START Given data

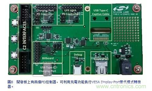 從開(kāi)發(fā)板開(kāi)始(圖8),在提供的韌體上作業(yè),要比建立新平臺(tái)并從頭開(kāi)始編寫(xiě)韌體來(lái)得輕松、快速。制造商和供應(yīng)商借此可以為T(mén)ype-C解決方案提供更多功能,速度也比競(jìng)爭(zhēng)對(duì)手更快。
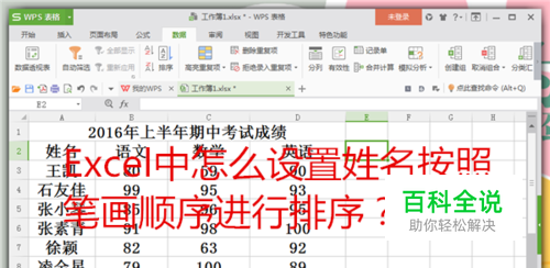 Excel中怎么设置姓名按照笔画顺序进行排序?
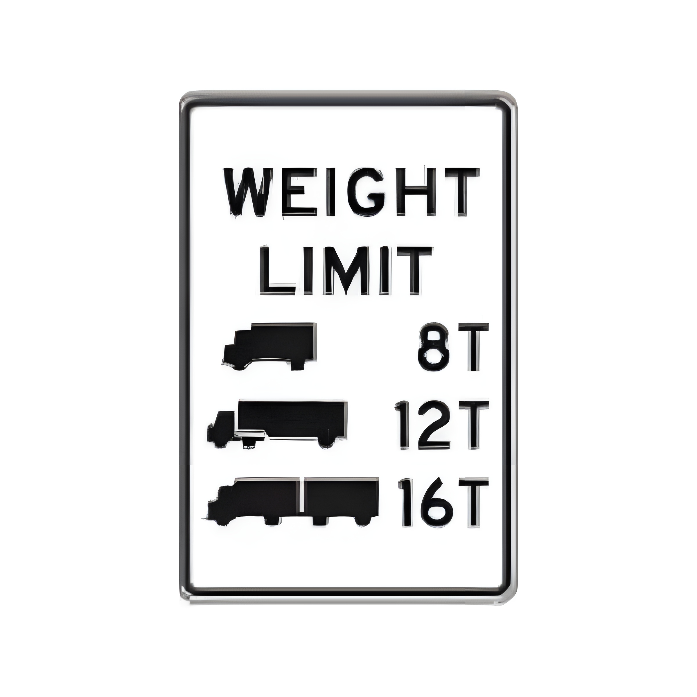 12×24-inch WEIGHT LIMIT (2 __T, 3 __T and 4 __T axle). (Standard Reflective on .080 gauge aluminum). Should be posted at intersections approaching the load-limit zone or other points where over-weight vehicles can detour or turn around.
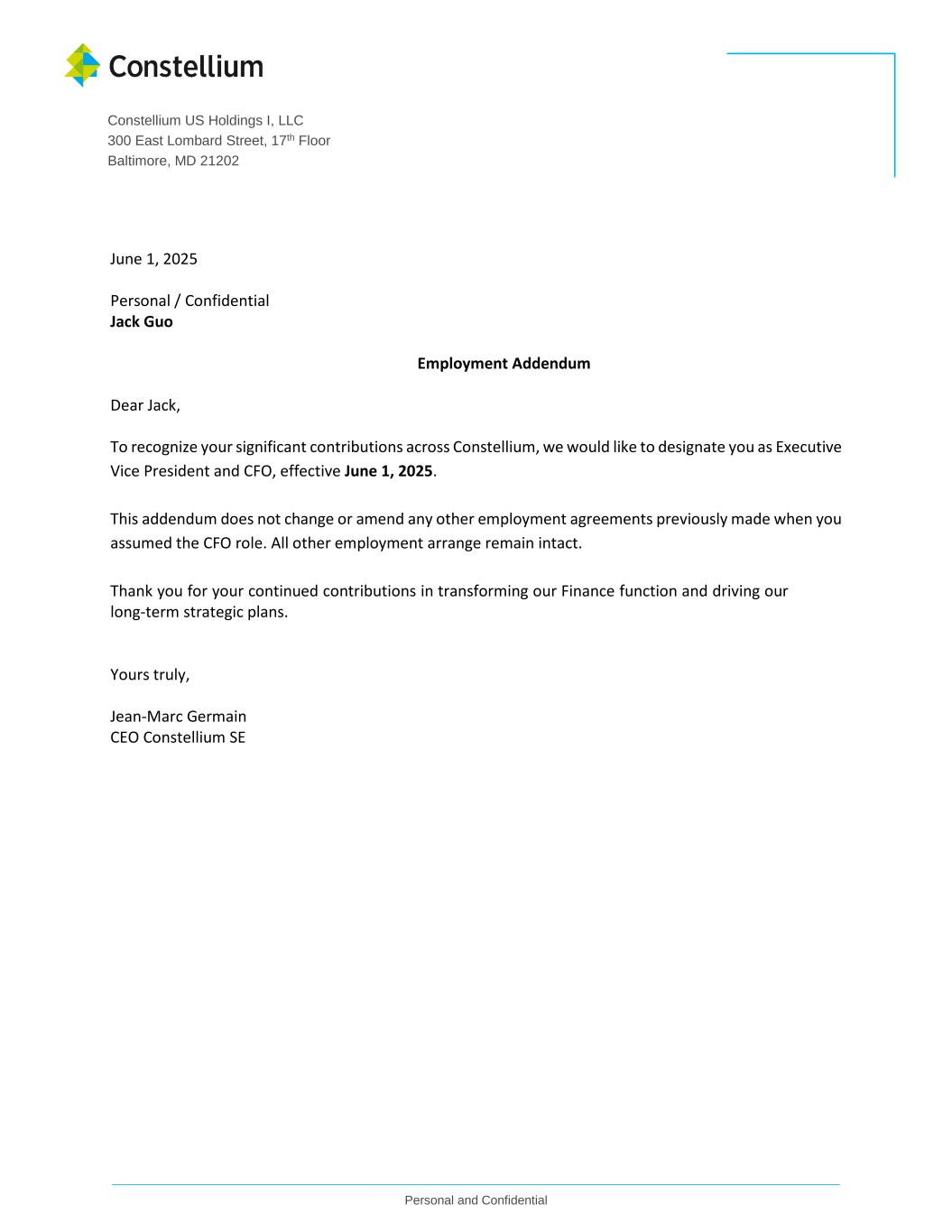 Constellium US Holdings I,LLC 300 East Lombard Street,17th Floor Baltimore,MD 21202个人和机密2025年6月1日个人/机密Jack Guo就业增编尊敬的Jack,为表彰您在Constellium领域的重大贡献,我们谨任命您为执行副总裁兼首席财务官,自2025年6月1日起生效。本增编不会改变或修改之前在您担任CFO职务时签订的任何其他雇佣协议。所有其他就业安排保持不变。感谢您在转变我们的财务职能和推动我们的长期战略规划方面的持续贡献。Yours true,Jean-Marc Germain CEO Constellium SE

END Given data

* **How to complete this task**: All of the data above should be printed again exactly, though none of the pictures belong in the copy.

* **The completed task**:
 從開(kāi)發(fā)板開(kāi)始(圖8),在提供的韌體上作業(yè),要比建立新平臺(tái)并從頭開(kāi)始編寫(xiě)韌體來(lái)得輕松、快速。制造商和供應(yīng)商借此可以為T(mén)ype-C解決方案提供更多功能,速度也比競(jìng)爭(zhēng)對(duì)手更快。
 Excel中怎么设置姓名按照笔画顺序进行排序?
 12×24-inch WEIGHT LIMIT (2 __T, 3 __T and 4 __T axle). (Standard Reflective on .080 gauge aluminum). Should be posted at intersections approaching the load-limit zone or other points where over-weight vehicles can detour or turn around.
 Constellium US Holdings I,LLC 300 East Lombard Street,17th Floor Baltimore,MD 21202个人和机密2025年6月1日个人/机密Jack Guo就业增编尊敬的Jack,为表彰您在Constellium领域的重大贡献,我们谨任命您为执行副总裁兼首席财务官,自2025年6月1日起生效。本增编不会改变或修改之前在您担任CFO职务时签订的任何其他雇佣协议。所有其他就业安排保持不变。感谢您在转变我们的财务职能和推动我们的长期战略规划方面的持续贡献。Yours true,Jean-Marc Germain CEO Constellium SE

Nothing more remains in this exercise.